My "baby" turned one today. It was a great day. I can't believe how far we've come and how much has happened in one short year. One year ago to this moment, I was sitting in my hospital room waiting to go see my baby in the NICU. One year ago, at this moment, I was terrified like I've never been before, and hopefully ever will be again. We've gone from a horrible pregnancy, a scary birth, NICU stay, breastfeeding problems, colic, hypoallergenic formula, teething nightmares, clingy baby syndrome, and waking up every couple hours through the night, to a relatively happy, cute, fun and playful "toddler". Sometimes, I wish I had my little baby back, then I remember everything we've been through to get here, and I realize I'm happy exactly where I am, right now. I love you my baby boy! Can't wait to see what the next year has in store.
I feel disgusted with myself.

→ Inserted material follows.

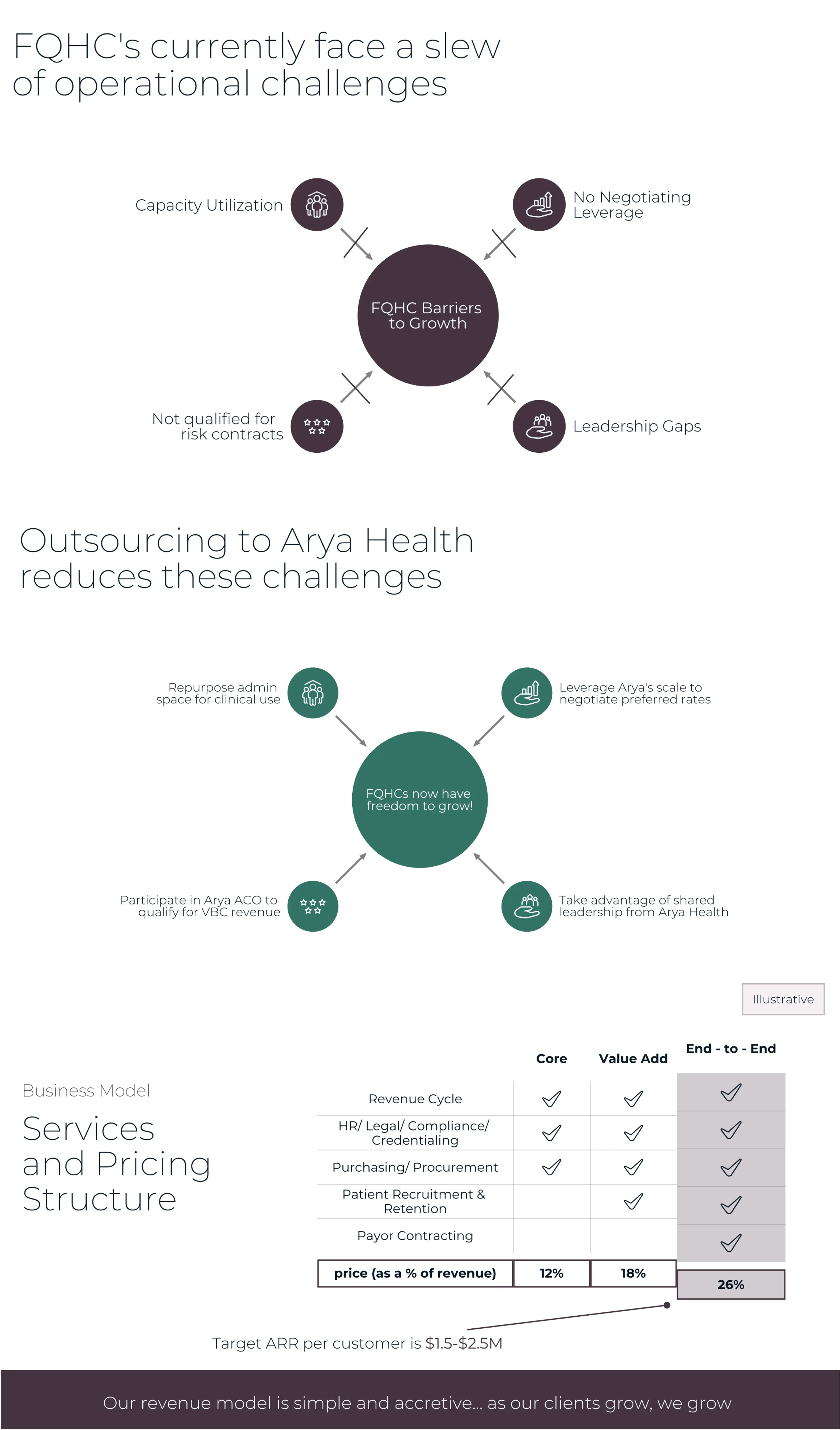 Below is an example of a clear pain point (federally qualified centers struggle to operate in value-based care), solution (we help with that) and business model (we charge a % of revenue). This company pivoted completely, and that’s okay! It showed a clear hypothesis.

I remember when I was a child it seemed that I could never do anything right by my parents. Well now, I'm starting to feel that way with my husband. I just can't win, and I just can't shake this funk that I'm in. We fight about money all the time. I spend money foolishly, I know, and I have to get a grip on myself but he's so hard on me. I also know that money has been tight since I've been off work and it will be a while until we catch back up. I'm also knowledgeable that we are going to Paris in a few week and we need to save some spending money. But ... He has to understand that it's my baby's first birthday and I want to celebrate! We've been so fortunate that everything turned out well in our lives when it could have been totally opposite. I want to acknowledge that and celebrate his little life so far. All I get is grief. It sucks. I got so upset today that I cut up my own bankcard and told him that at least that way we would have no reason to fight anymore.

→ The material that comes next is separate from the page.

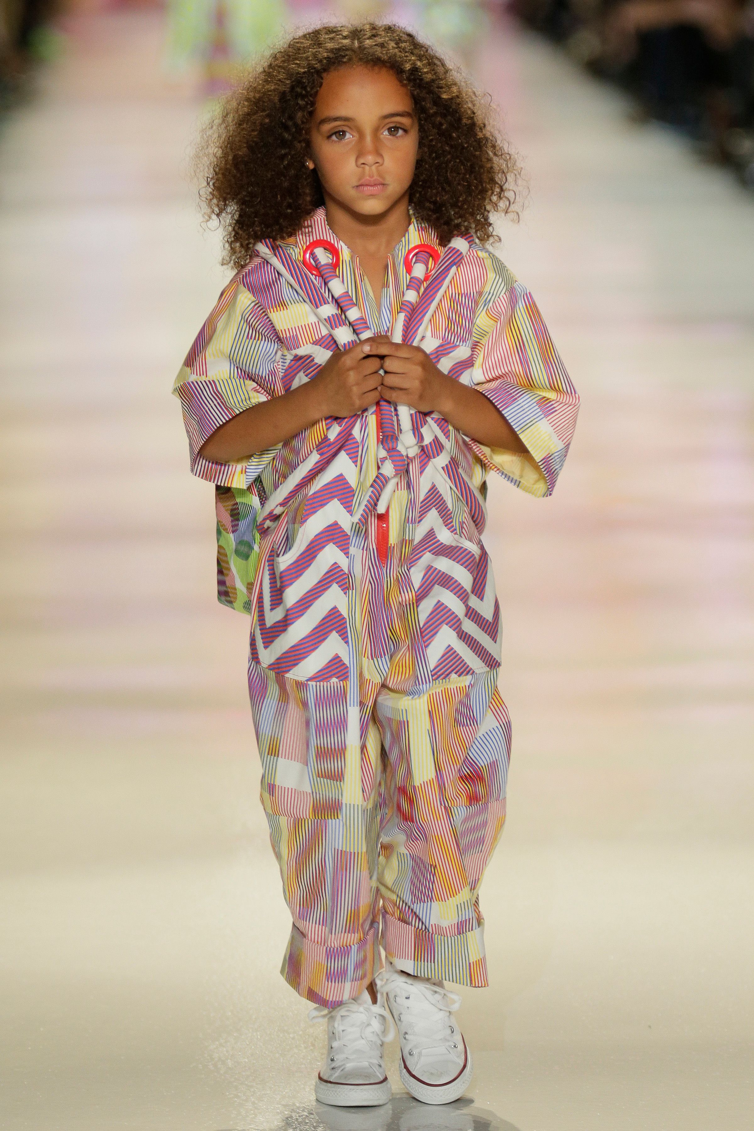 The efforts of the designers at the Academy did not disappoint. An excellent show complete with 20 collections from 30 collaborative designers, which included womenswear, menswear, childrenswear, knits, wovens, jewelry, and metal arts collaborations. Highlights of the show (hands down) were the sparkling pieces of rose quartz that covered the sleeves and backs of Aile Hua’s designs, as well as the parade of child models, (the crowd went wild) who were modeling vibrant prints and geometric shapes designed by Jordan Rae Epstein; Epstein was awarded the San Francisco Paris Sister City Scholarship Exchange in Paris, France to study at L’Ecole de la Chambre Syndicale de la Couture Parisienne, and Sheni Moshabesha, BFA Textile Design.

The stupidest part about this whole thing is that I don't really care all that much. I know that sounds off because I just vented about it but it's true. I'm mad, because that how I should feel but I don't really care. Unfortunately, there's many things in my life right now that I just don't care about. I think what's happening is that when my mom was sick and dying I put up walls around myself to protect me and now that she's gone, I'm having a hard time taking the walls down. I'm numb. Most of the time I just do things and I don't really care. It feels weird. Maybe this is the new me. The calm, non-crying, emotionless me. I guess only time will tell.
I'm back now in my old rotation, same as I was a year and a half ago when I started this adventure. It is amazing what has changed and even more amazing what has stayed the same. So many things need to be changed in the wonderful world of nursing. Still overworked with too many patients, not enough staff, not enough room, and honestly, too many bosses. In the end though, I'm darn happy to be back, no kids, no chores, no house to clean and mist importantly ... other adults to talk to. Yay!!
... and I cannot wait. I have his invitations all made and they're soooo cute!! Here's the front picture
The finished card says "This little monster is turning one" on the front and then inside it says "Come watch the destruction" and the birthday info. This is also his Halloween costume. Gotta love Costco.
I'm making his cake and all the treats. He has a few little friends coming and the rest are family. I think it's going to be pretty fun.
Another exciting side dish to this post .... I think I'm going to PARIS in a few weeks. OMG!!! Scott has a business trip there and there's no way he's going without me - LOL! I really just have to come up with the flight and spending money. YAY!!!!
And lastly - I'm back to work tomorrow. Maternity leave is officially over and it's time to go back to the grind. Blah! But oh well. The wage difference between me working and me being on EI is huge so it will be nice come payday.
Well that's it for my all over the place post today.
It's been a busy few weeks in my life. My mom's funeral was on the 3rd. It was beautiful and she would have been so happy to be honored the way she was. After that, in my grief, the days turned one into the other. This thanksgiving weekend, the family and I took off for Calgary to get away from it all. We had a great time. My in-laws and I took the kids to the zoo in Saturday, and Scott and I then took them to calaway park (amusement park) yesterday. They had so much fun!!!
We stayed at Scott's brothers house. They have a new baby and she's so sweet. Sweet little Emily is 2 weeks old. I think I'm getting very anxious to have another one. Now we're on our way home. Kaylee is coming back with the in-laws and Dax is having a great nap.